On November 5, 2008, the USA overwhelmingly elected the first African American as President! And he is from our beloved Chicago! My friend Anton Ivy called me and shared the thrill at being at Grant Park for the incredible acceptance speech event that night. I so wanted to be there, but was with my wife watching and soaking up everything. Incredibly, only 40 years after Martin Luther King, Jr. was shot and killed and riots in the same Grant Park, Barak Obama was elected by a landslide and is inspiring hope in the world.
What do we have to be thankful for?
- Those of us who live in countries based on biblical principles should praise God for the freedom we enjoy as results of those principles.
- Thank God for his being Sovereign over the authorities – the good and the bad. Surrender our politics to his Lordship.
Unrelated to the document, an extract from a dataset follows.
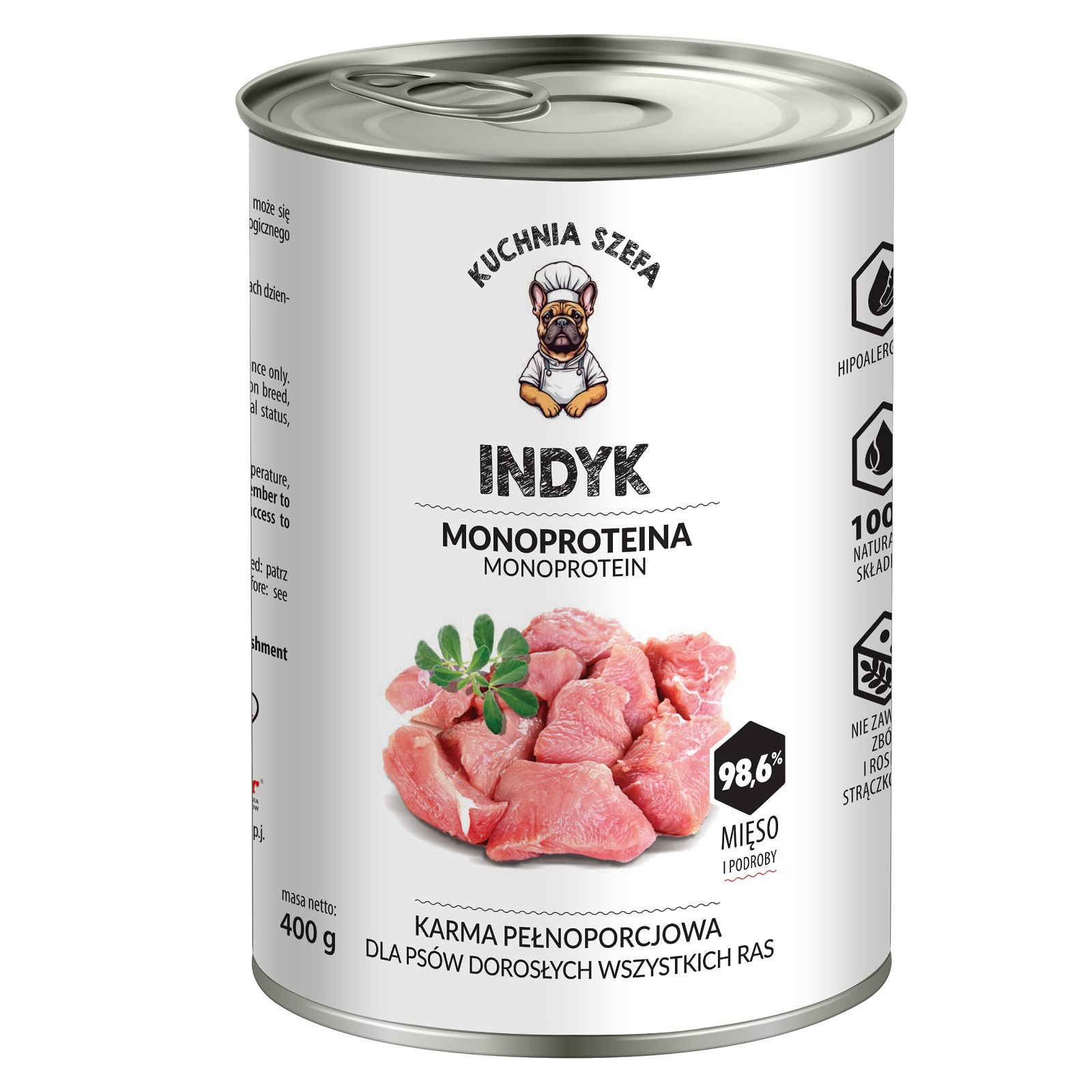 - Kuchnia Szefa, Mokra karma w puszce dla dorosłego psa, Monoproteinowa, Indyk 400g x1

- Thank God for our fellowship that has continually taught and expected people to repent of prejudice and racism as a part of being a true disciple of Jesus.
- Thank God for all of the relationships he has given us and our children with people of so many different backgrounds.
- Thank God for the people who went before us and sacrificed so much so that we would show God’s love for all the countries and cultures of the world and not just our own.
- Thank God that He is still with his people and has much more for us to do in making disciples of all nations! We have only just begun.
Thank God for the new leaders he is raising up among us from 147 countries to accomplish that task!
This would be a good year to have Thanksgiving with people who aren’t like us.
Seems that’s what the first Thanksgiving was about.
Seems like that’s what God had in mind in the first place: all of his children getting along at the banquet table!